Her second film’s dismal show made Nandini to hang around for a producer. “It’s not easy to find a producer when you deliver a flop, right? The budget required to make ‘Kalyana Vaibhogame’ was Rs 3.5 crore. Initially I narrated the script to three-four heroes and they have turned it down. But I was sure about the story.
Generally if a couple of heroes reject my script, I overlook it to work on another but I was pretty confident of ‘Kalyana Vaibhogame’s prospects. A journalist friend advised me to search for a boy and a girl instead of a hero and a heroine. I simply took his advice. I liked Naga Shaurya in ‘Chandamama Kathalu’ and roped him,” she recollects.
So why was her script turned down by the three-four heroes? Breaking into laugher, she replies, “They didn’t give me any particular reason. My career is filled with rejections. I’m the queen of rejections.”
Nandini insists Mani Ratnam’s ‘Mouna Ragam’ inspired her to pen ‘Kalyana Vaibhogame’. “In ‘Mouna Ragam’ one of the characters is not interested in marriage. What if the two are not? It triggered me to conceive and pen the romantic drama.
The current generation’s attitude towards marriage is different and they are not bothered about divorce. Relationships start and end in no time. Divorce was a taboo 30 years ago but it isn’t anymore now. The transformations generations are undergoing, questioning the very existence of marriage as an institution, apprehensions and what makes a good marriage, etc., will be addressed in the film.”
Moving forward, Nandini wants to delve into deeper waters as far as film’s genres are concerned. “I hope I’m not made only for rom-coms. I don’t want to repeat myself. My next is a serious love story,” she affirms. As much as ‘Ala Modalaindi’ established Nandini’s career, it cemented Nani’s place as a bankable medium-budget hero. Prod her if she still maintains the same camaraderie with him and she reveals that their lives have moved on.
“Nani is an actor. We did one film together and life moves on. He is busy with other films. We want each other to succeed. We were good friends earlier but people move on, right? That doesn’t mean any fights happened between us. I’m not a person who gets agitated very easily. You lose touch as people get busy with other stuff.”

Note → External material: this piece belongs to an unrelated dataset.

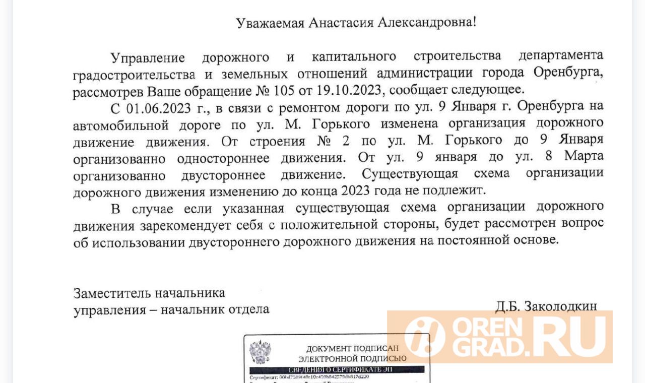 Текст: Александр ЖарковУчасток улицы Максима Горького от переулка Дмитриевского до улицы 9 Января может остаться двусторонним на постоянной основе, об этом журналистам Orengrad сообщили в мэрии Оренбурга. Пока в планах оставить такую схему движения до конца 2023 года.

While her body of work may be less, Nandini has been in the industry for the past 15 years and she feels Tollywood’s storytelling is bound to change for good. “Of late, formula films have been rejected. The fact that a film like ‘Nannaku Prematho’ succeeded is a big leap. I never imagined a hero would accept a script like that.
May be it stemmed from the rejections of his previous films. But the fact is our heroes have sensed that audience is getting bored of formula stuff. I feel content-driven cinema will drive Tollywood sooner than later,” she ends.